OK, this was not an answer, it was a rant about that I am still afraid in the future…, more than ever… Where are we going?
Who will really keep the strings (of man and technology)?

I would expect robots to be in the military. How long would 20 soldiers with machine guns last against a 10 foot, 600lbs, bullet proof robot with a variety of weapons at its disposal? Its would probably cost less than training those 20 soldiers and arming them (last I heard its costs $2200 to fully arm a soldier, $44,000 for 20 in equipment alone. Plus you don’t have to feed the robots, just maintanence) Plus if a project like that gets going there’ll be factories mass producing them, then you just download programs into them and tell it what you want to die. They could also be part of search parties or escorts.
I think more non lethal weapons will develop. Things like long range semi automatic tazers. Like the stun setting on Star Trek. They would be given to police, so when aprehending criminals they don’t have to chase them. Just shoot them and wake them up for questioning.

I think the next major paradigm shift will not be computer-based, but biological. Some people have mentioned genetic engineering, but there’s a specific aspect to it I think deserves focus.

We have ongoing, presently, a number of concerted and detailed examinations of the human genome. It’s certainly true that your genes don’t dictate a hundred percent of who you will become, but it’s inarguable that they’re a strong starting point. Look at the studies about identical twins separated at birth; the two people go off and create separate lives, but among the differences there are some, and occasionally many, eerie parallels.

There are also millions and millions of individual genetic controls in our chromosomal makeup. We know what some of them do, but the overwhelming majority are a mystery.

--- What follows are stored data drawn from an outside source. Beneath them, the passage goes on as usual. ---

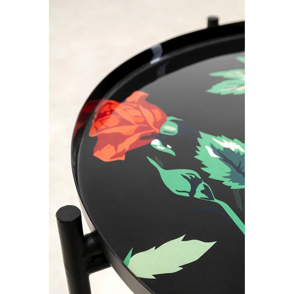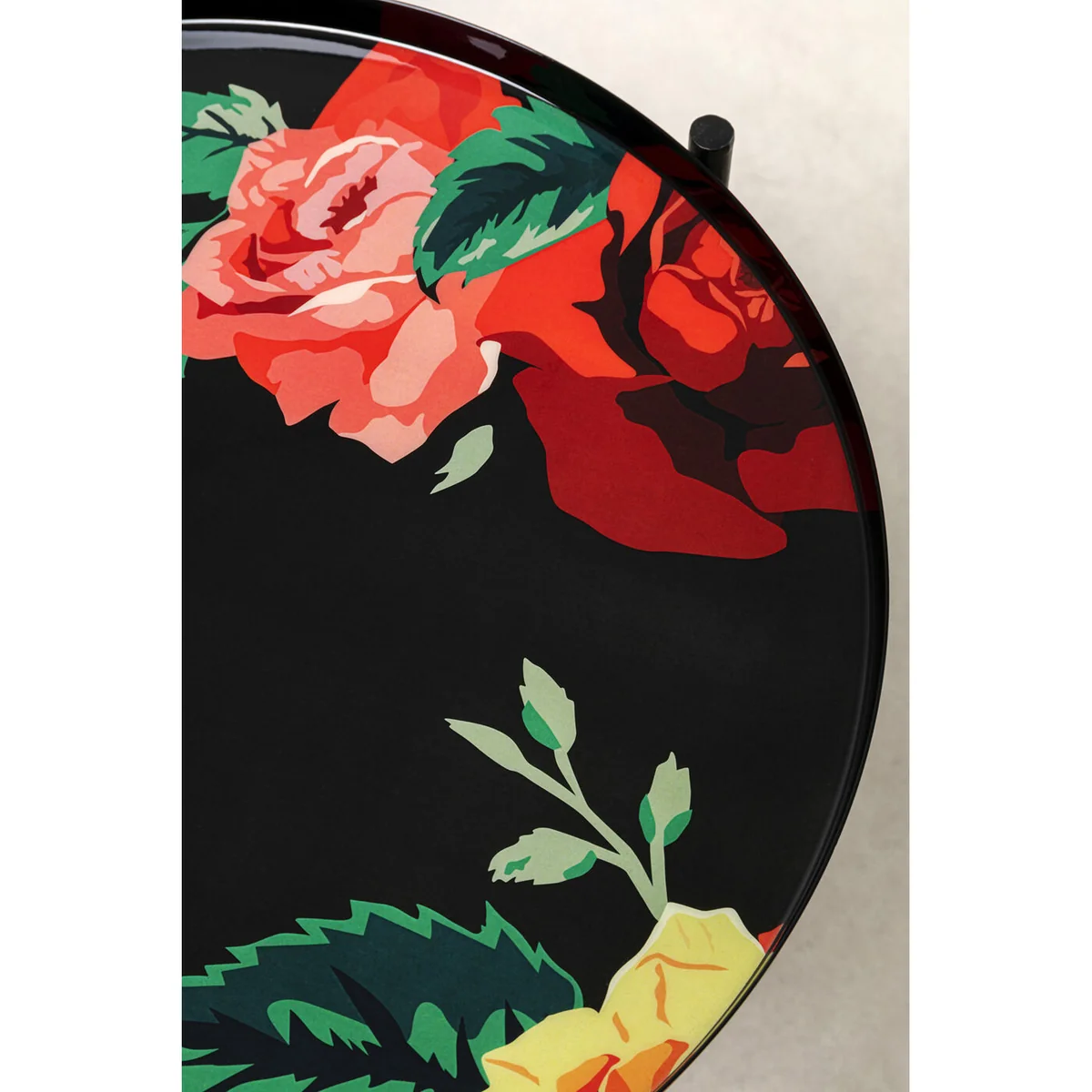 • Vibrant multicolor floral patterns on tabletop and legs that pop against the black frame
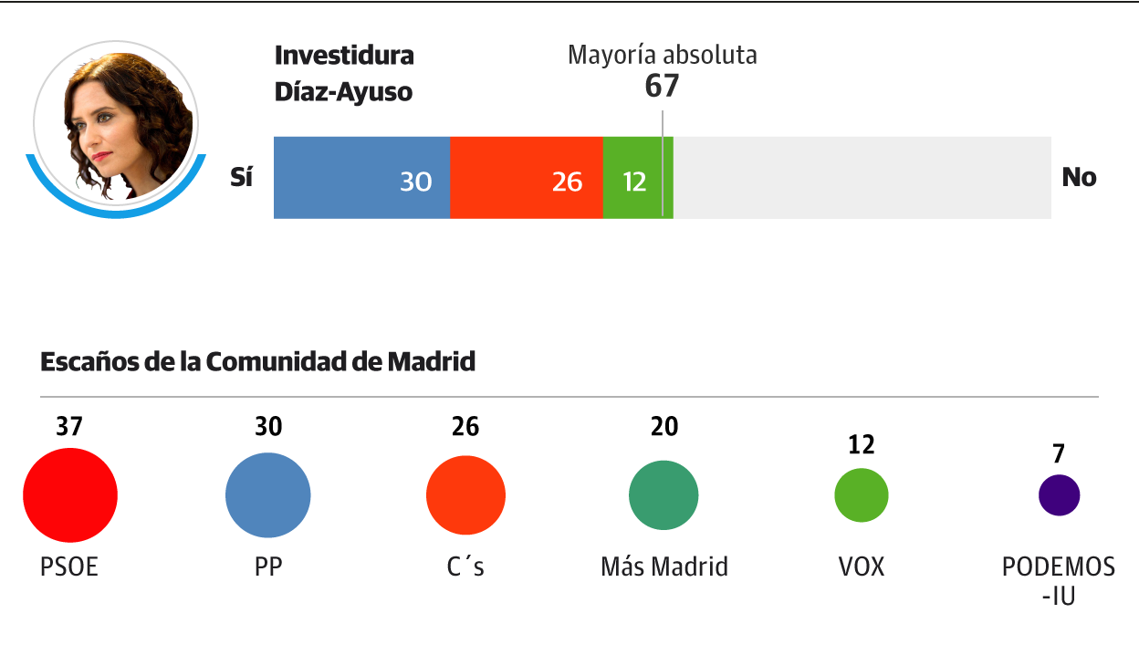 Pese a que en algún momento entre el martes y el miércoles hubo quien en el Partido Popular temió que Vox rehusara apoyar la investidura de Isabel Díaz Ayuso como presidenta de la Comunidad de Madrid, no hubo finalmente alteraciones en el guion. La candidata de los populares se esforzó por limar asperezas en la cuenta atrás para su elección y garantizó que cumplirá «en su totalidad» tanto el pacto programático suscrito con Ciudadanos, su socio de Gobierno, como el documento acordado con el partido de Santiago Abascal. El consenso se materializó pasadas las seis de la tarde en 68 votos a favor de su designación como representante autonómica que ponen en marcha una legislatura que incluso los suyos auguran «complicada».
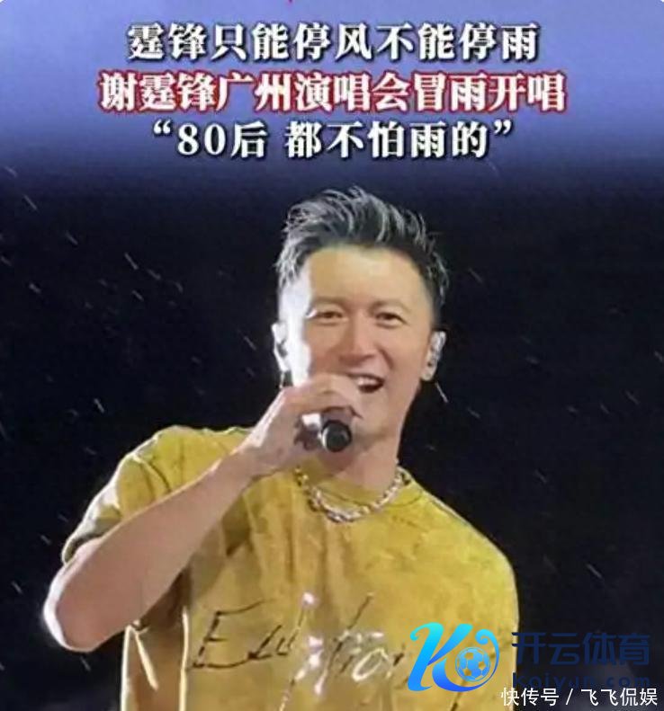 暴雨中的谢霆锋像是舞台上的炎火战神。全身湿透,倡导依然顽强,手脚依旧帅气。金曲一首接一首,狂飙厚谊,台下粉丝也出头出头,雨衣裹身、脚踩水滩,陪偶像沿路嗨翻天。“80后,不怕雨!”谢霆锋辱弄,巨匠随着呼应,“是啊,有雨才有简易!”
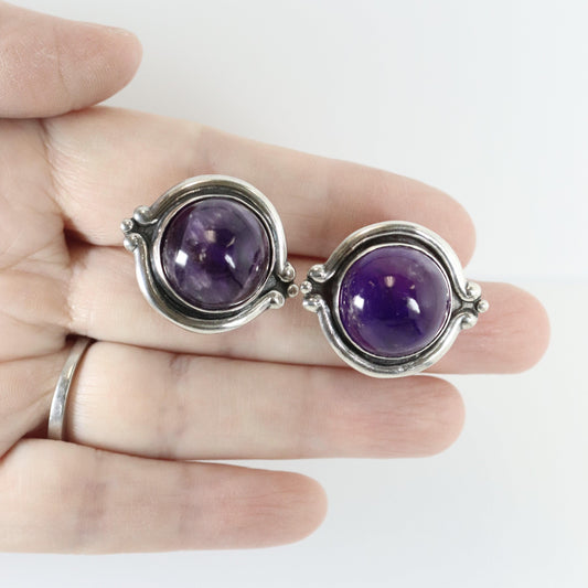 SOLD OUT: Vintage Los Castillo Taxco Silver Mexican Jewelry | Large Mid Century Amethyst and Silver Earrings
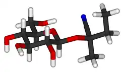Lotaustralin is a cyanogenic glucoside found in small amounts in Fabaceae austral trefoil (Lotus australis),[1] cassava (Manihot esculenta), lima bean (Phaseolus lunatus),[2] roseroot (Rhodiola rosea)[3] and white clover (Trifolium repens),[4] among other plants. Lotaustralin is the glucoside of methyl ethyl ketone cyanohydrin and is structurally related to linamarin, the acetone cyanohydrin glucoside also found in these plants. Both lotaustralin and linamarin may be hydrolyzed by the enzyme linamarase to form glucose and a precursor to the toxic compound hydrogen cyanide.
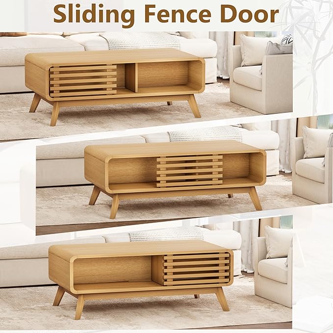 • 【Sliding Door Coffee Table】Our coffee table allows you to freely hide something you don’t want see or display often-used objects by its smooth sliding door. It also saves much space compared with pull-out doors. You can also choose to slide the door to any side to conceal side storage cabinets or the middle open-cubby for a clean, organized look
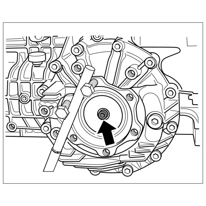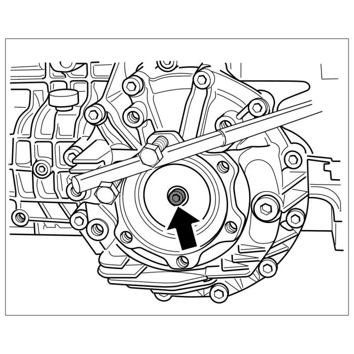 8. Fill in transmission oil up to the bottom edge of the filler opening.

This, I think, is the Holy Grail: Now that we have the genome mapped (in the broadest possible view), what do all of the genes actually do, individually and in combination with others?

Here’s where I’m going with this: How long will it be before a pregnant woman can go to the doctor, have an amniocentesis or equivalent procedure, and then go back two weeks later for a prenatal genetic probability report?

“Based on your child’s chromosomes, we estimate a 90% probability that he will have blond hair, and 85% likelihood of hazel eyes. He will almost definitely be between five-foot-seven and five-foot-eleven as an adult, with a 75% probability of his being either five-nine or five-ten.” As the years go by, the predictions will get more specific, in the same way that meteorology benefits from an always-increasing body of knowledge as foundation; but just like weather forecasting, there won’t ever be anything more than a probability and a margin of error, because it’s known that environmental factors can confound genetic predilection. In any event, it’s not unreasonable to think that genetic analysis may eventually be able to offer at least rough estimates of likelihood for amount of muscle mass, math and spatial aptitude, musical ability, or whatever, in the child and eventual adult.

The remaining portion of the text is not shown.